Medically reviewed by GP Gareth James MBBS, DFFP, DRCOG, MRCGP on December 2, 2023. To give you technically accurate, evidence-based information, content published on the Check My Body Health blog is reviewed by credentialed professionals with expertise in medical and bioscience fields.

Long-term exposure to mercury can harm your nervous system, leading to:

  • Numbness or pain in parts of your body
  • Shaking or tremors you can’t control
  • Difficulty walking
  • Vision problems like blindness or double vision
  • Memory loss
  • In severe cases, seizures and even death are possible

Mercury poisoning, also known as mercury toxicity, is a fairly rare event that can occur when a person is exposed to high levels of mercury. The symptoms of mercury poisoning can vary depending on the form of mercury, the route of exposure, and the individual’s overall health, but some common symptoms include:

  • Numbness or tingling in the hands, feet, or around the mouth
  • Mood swings, irritability, and nervousness
  • Insomnia, fatigue, and weakness
  • Headaches, tremors, and difficulty with coordination and balance
  • Abdominal pain, diarrhoea, and constipation
  • Memory problems and difficulty concentrating
  • Kidney damage and increased risk of kidney disease
  • Vision and hearing loss

It’s important to seek medical attention if you suspect you have been exposed to high levels of mercury and are experiencing symptoms. Early diagnosis and treatment can help prevent more serious health problems.

Should I have traces of mercury in my body

Yes, it is normal for trace amounts of mercury to be present in the human body. Mercury is a naturally occurring element and can be found in the environment in various forms, such as in water, soil, and air. It can also enter the body through food, such as fish and shellfish, which can contain low levels of mercury.

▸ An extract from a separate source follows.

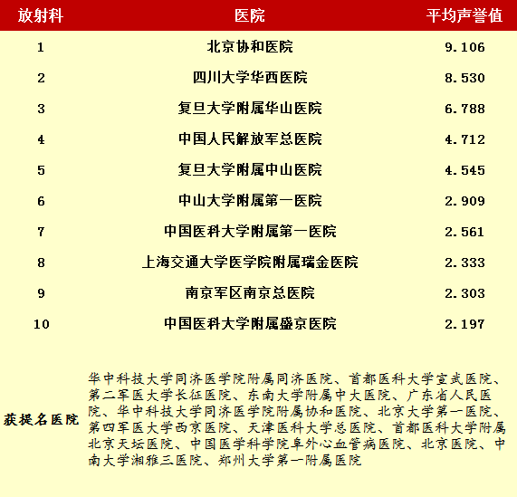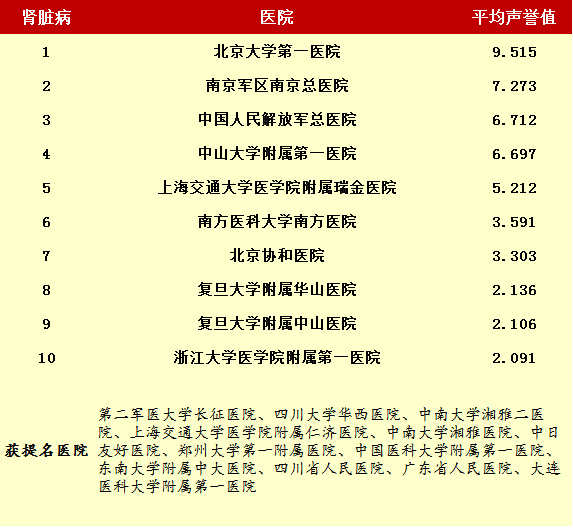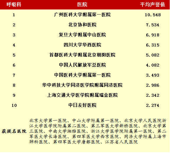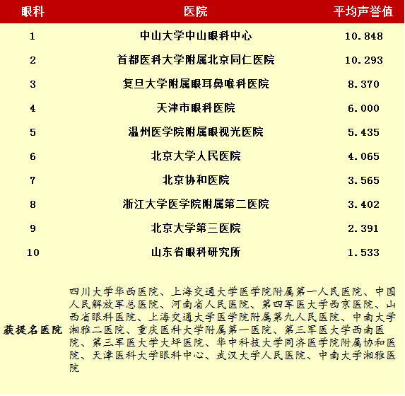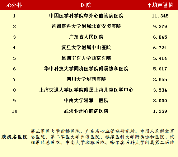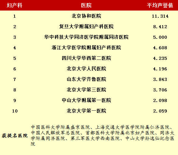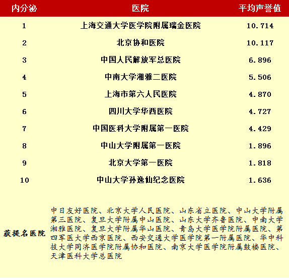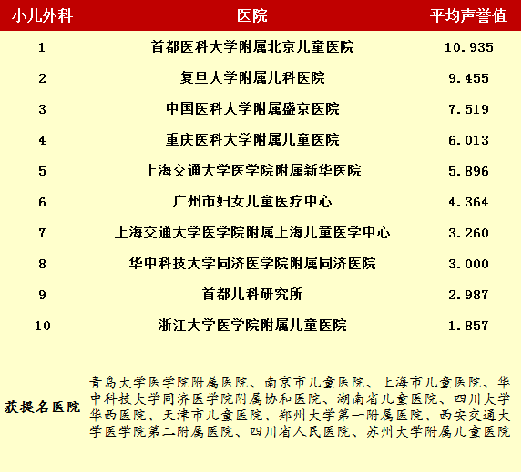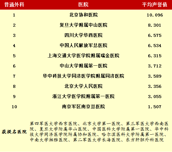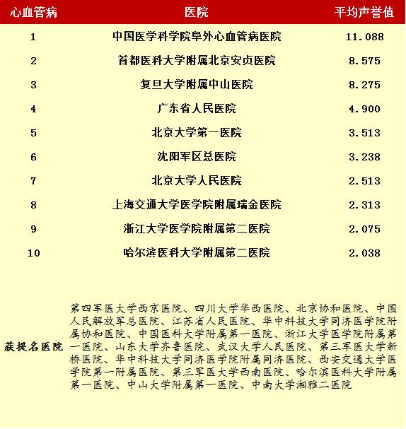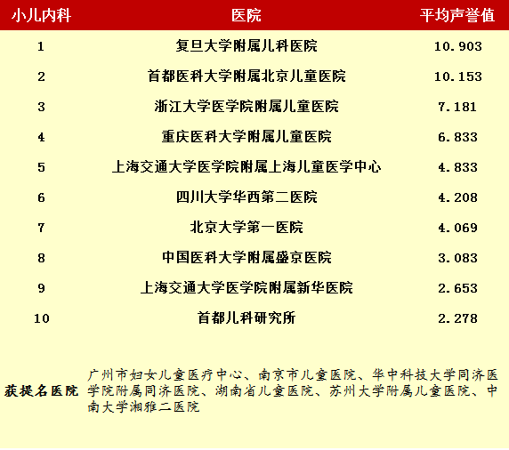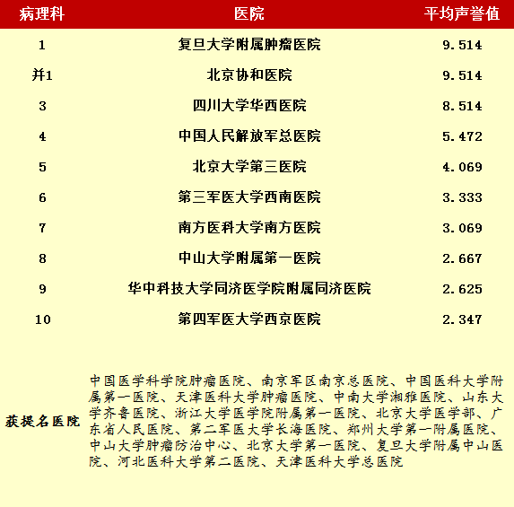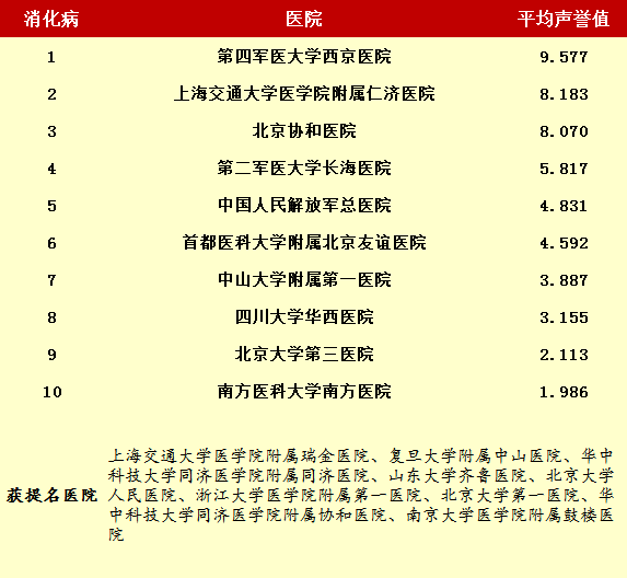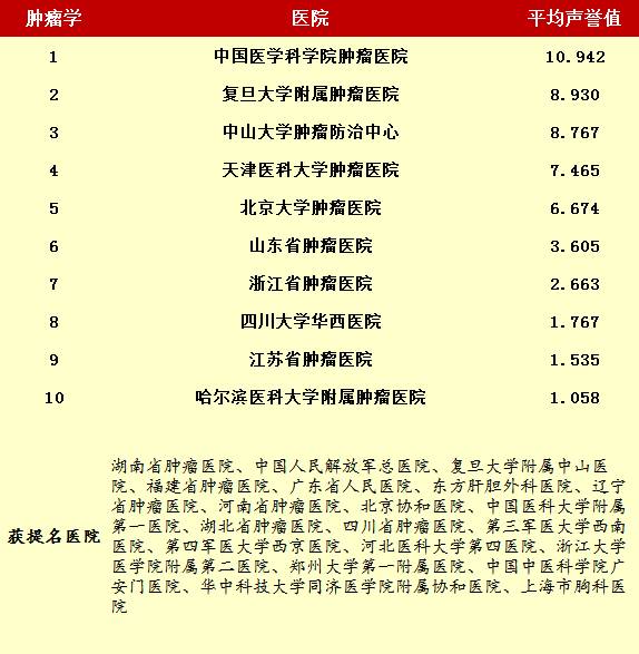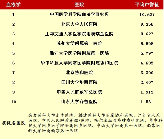 2014年度最佳醫院排行榜(部分專科匯總)

However, exposure to high levels of mercury can cause mercury poisoning, also known as mercury toxicity, which can result in serious health problems.

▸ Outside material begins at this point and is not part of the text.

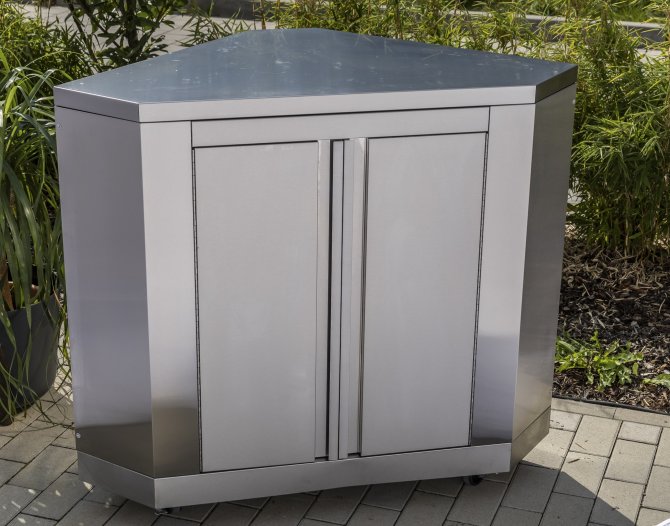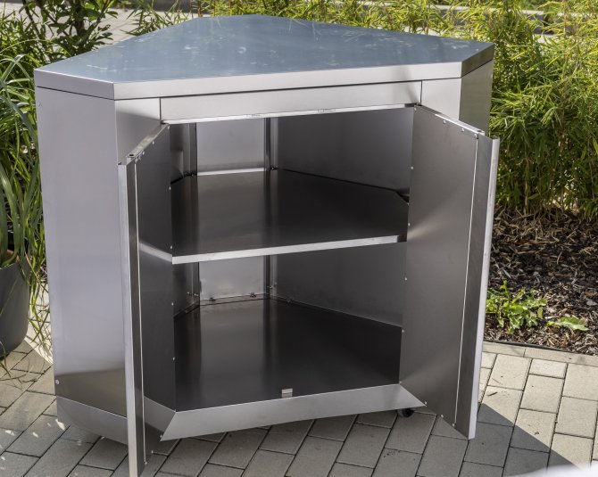 Holen Sie sich mit diesem Eckschrank aus Edelstahl das Beste für Ihre Outdoor-Küche und verwandeln Sie jeden Kochmoment in ein Erlebnis.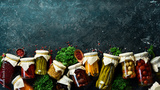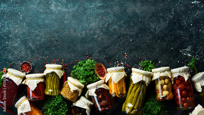Vegetables in jars. Salting various vegetables in glass jars for long-term storage. On a stone background. Top view.

It’s important to minimise exposure to mercury, especially if you are an infant or child, have kidney disease, pregnant or planning to become pregnant (as high levels of mercury can harm the developing foetus).

An individual can be exposed to high levels of mercury in situations such as:

Inhalation: Inhaling mercury vapours from broken old style mercury thermometers (now banned in the UK), or certain broken fluorescent and low-energy lamps, dental fillings, or industrial processes can cause mercury poisoning.

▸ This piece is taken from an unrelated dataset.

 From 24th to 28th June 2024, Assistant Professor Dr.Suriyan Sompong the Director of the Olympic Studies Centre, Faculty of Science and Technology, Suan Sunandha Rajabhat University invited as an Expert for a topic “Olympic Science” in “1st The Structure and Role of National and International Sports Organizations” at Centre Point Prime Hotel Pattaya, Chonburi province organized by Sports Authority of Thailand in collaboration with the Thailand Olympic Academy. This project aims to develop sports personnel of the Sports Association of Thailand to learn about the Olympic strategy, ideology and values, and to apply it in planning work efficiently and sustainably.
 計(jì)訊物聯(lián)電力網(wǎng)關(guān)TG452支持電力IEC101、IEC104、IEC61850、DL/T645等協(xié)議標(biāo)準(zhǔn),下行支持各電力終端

Consumption: Eating fish and shellfish that contain high levels of mercury can lead to mercury poisoning. Some larger types of fish, such as shark, swordfish, king mackerel, and tilefish, contain higher levels of mercury than others. It will also depend on where these fish have originated as the levels of mercury in the sea are different around the world.

Skin contact: Skin contact with mercury can occur from broken old style mercury thermometers (now banned in the UK), broken fluorescent and low-energy lamps.

Skin exposure may also occur with contact to elemental mercury in certain industrial processes.

Medical and dental products: Certain medical and dental products, such as some ointments and creams, can contain mercury and can result in mercury poisoning if absorbed through the skin.

If you suspect you have been exposed to high levels of mercury, it’s important to seek medical attention. 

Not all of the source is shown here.